:: EXERCISE INPUT ::

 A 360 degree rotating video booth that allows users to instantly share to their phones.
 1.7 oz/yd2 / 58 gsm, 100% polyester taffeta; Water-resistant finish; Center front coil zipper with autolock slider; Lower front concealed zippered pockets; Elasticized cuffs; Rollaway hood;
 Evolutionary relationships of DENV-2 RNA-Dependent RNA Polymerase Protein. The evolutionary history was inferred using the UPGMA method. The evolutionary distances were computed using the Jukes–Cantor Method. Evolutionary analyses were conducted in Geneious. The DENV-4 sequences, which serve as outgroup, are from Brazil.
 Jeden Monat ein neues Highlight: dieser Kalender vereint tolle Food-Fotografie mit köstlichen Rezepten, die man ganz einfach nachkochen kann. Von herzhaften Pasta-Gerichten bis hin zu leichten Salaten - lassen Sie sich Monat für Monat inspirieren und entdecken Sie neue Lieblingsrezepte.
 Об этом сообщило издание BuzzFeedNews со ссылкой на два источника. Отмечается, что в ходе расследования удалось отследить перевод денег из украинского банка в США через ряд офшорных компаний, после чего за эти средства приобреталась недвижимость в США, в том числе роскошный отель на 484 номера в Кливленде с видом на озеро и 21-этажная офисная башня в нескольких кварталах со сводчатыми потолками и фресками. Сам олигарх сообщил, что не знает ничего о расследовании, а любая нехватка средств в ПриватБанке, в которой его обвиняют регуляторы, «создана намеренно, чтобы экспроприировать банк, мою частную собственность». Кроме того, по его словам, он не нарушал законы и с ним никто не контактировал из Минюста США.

...

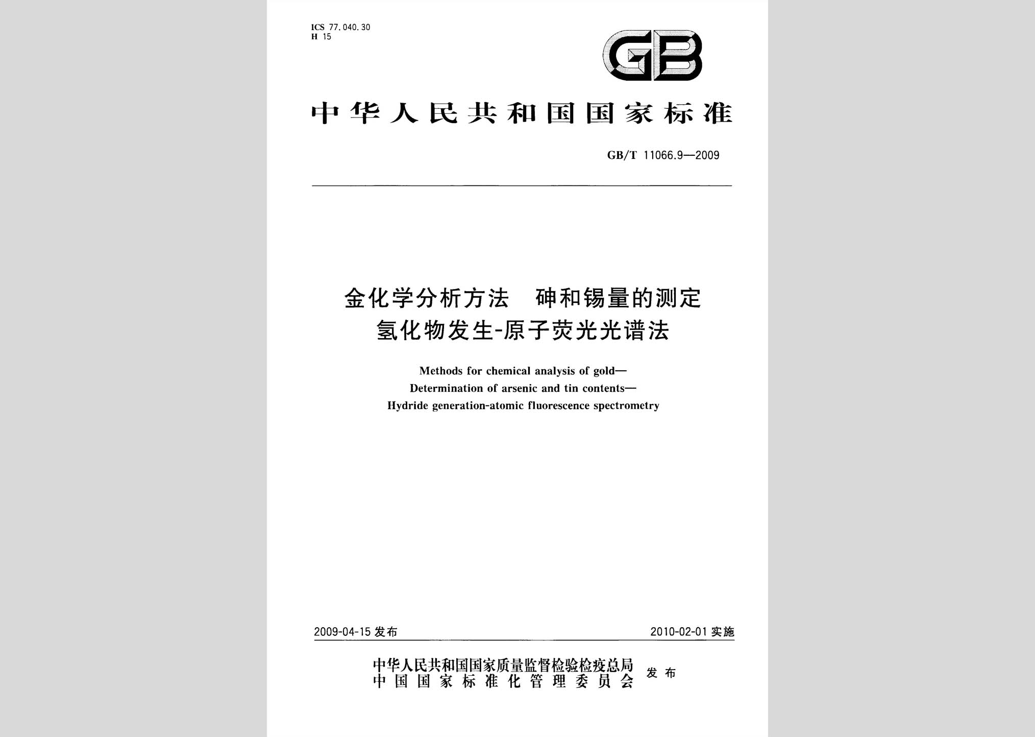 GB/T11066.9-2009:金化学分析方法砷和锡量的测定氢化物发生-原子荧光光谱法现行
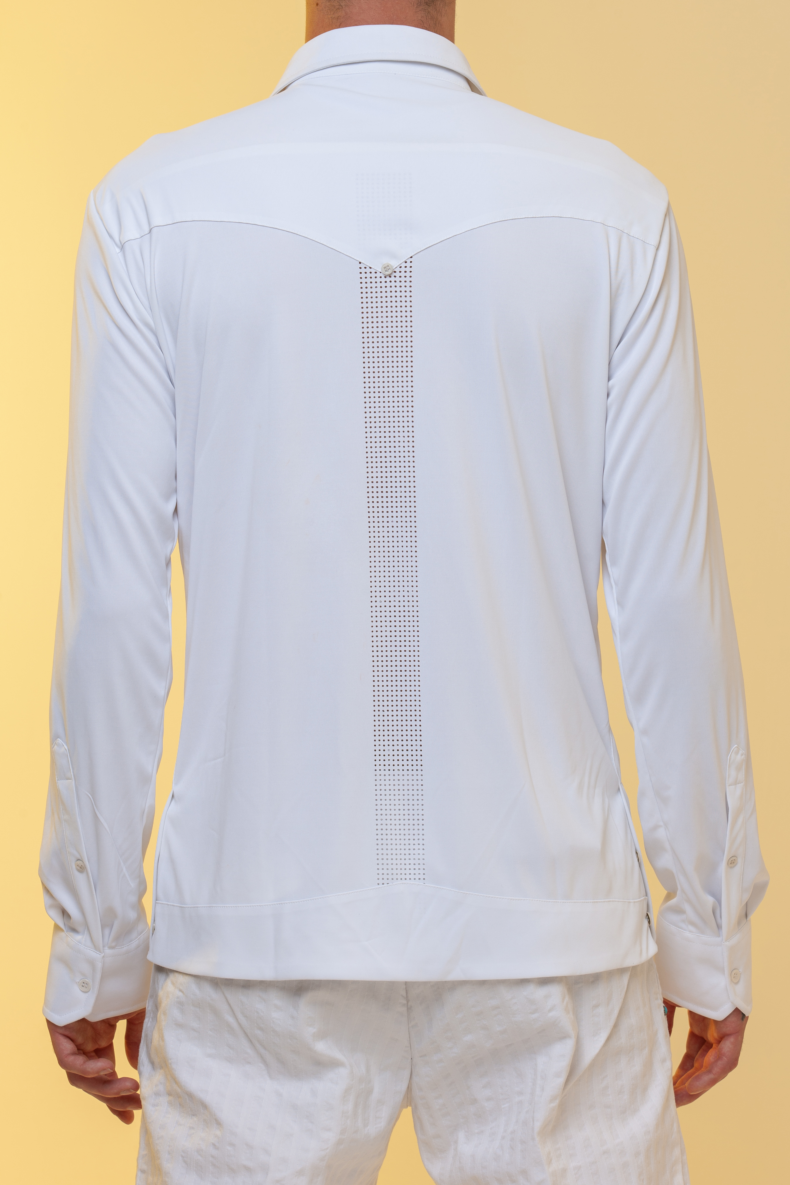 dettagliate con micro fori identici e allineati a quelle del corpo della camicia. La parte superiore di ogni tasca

---

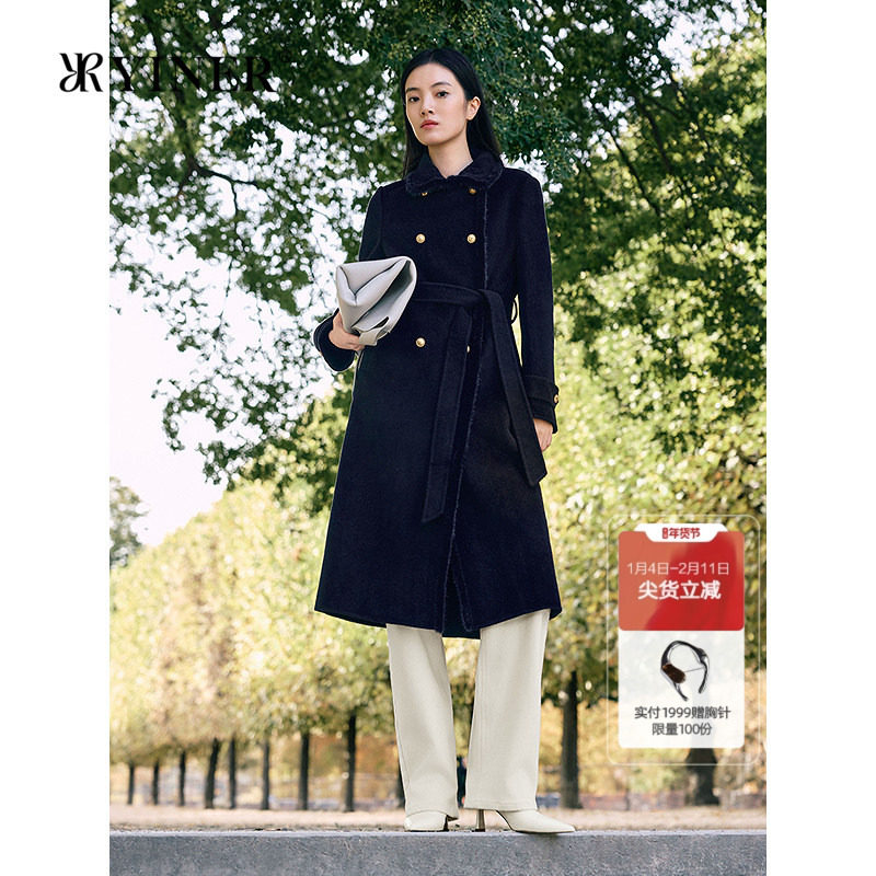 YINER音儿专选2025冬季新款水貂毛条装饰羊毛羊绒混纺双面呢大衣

:: EXERCISE DETAILS ::
Everything above from the line containing "A 360 degree" down to the line containing "Об этом сообщило" should be copied exactly, both end lines included, and nothing else.

:: ANSWER TO THIS TASK ::
 A 360 degree rotating video booth that allows users to instantly share to their phones.
 1.7 oz/yd2 / 58 gsm, 100% polyester taffeta; Water-resistant finish; Center front coil zipper with autolock slider; Lower front concealed zippered pockets; Elasticized cuffs; Rollaway hood;
 Evolutionary relationships of DENV-2 RNA-Dependent RNA Polymerase Protein. The evolutionary history was inferred using the UPGMA method. The evolutionary distances were computed using the Jukes–Cantor Method. Evolutionary analyses were conducted in Geneious. The DENV-4 sequences, which serve as outgroup, are from Brazil.
 Jeden Monat ein neues Highlight: dieser Kalender vereint tolle Food-Fotografie mit köstlichen Rezepten, die man ganz einfach nachkochen kann. Von herzhaften Pasta-Gerichten bis hin zu leichten Salaten - lassen Sie sich Monat für Monat inspirieren und entdecken Sie neue Lieblingsrezepte.
 Об этом сообщило издание BuzzFeedNews со ссылкой на два источника. Отмечается, что в ходе расследования удалось отследить перевод денег из украинского банка в США через ряд офшорных компаний, после чего за эти средства приобреталась недвижимость в США, в том числе роскошный отель на 484 номера в Кливленде с видом на озеро и 21-этажная офисная башня в нескольких кварталах со сводчатыми потолками и фресками. Сам олигарх сообщил, что не знает ничего о расследовании, а любая нехватка средств в ПриватБанке, в которой его обвиняют регуляторы, «создана намеренно, чтобы экспроприировать банк, мою частную собственность». Кроме того, по его словам, он не нарушал законы и с ним никто не контактировал из Минюста США.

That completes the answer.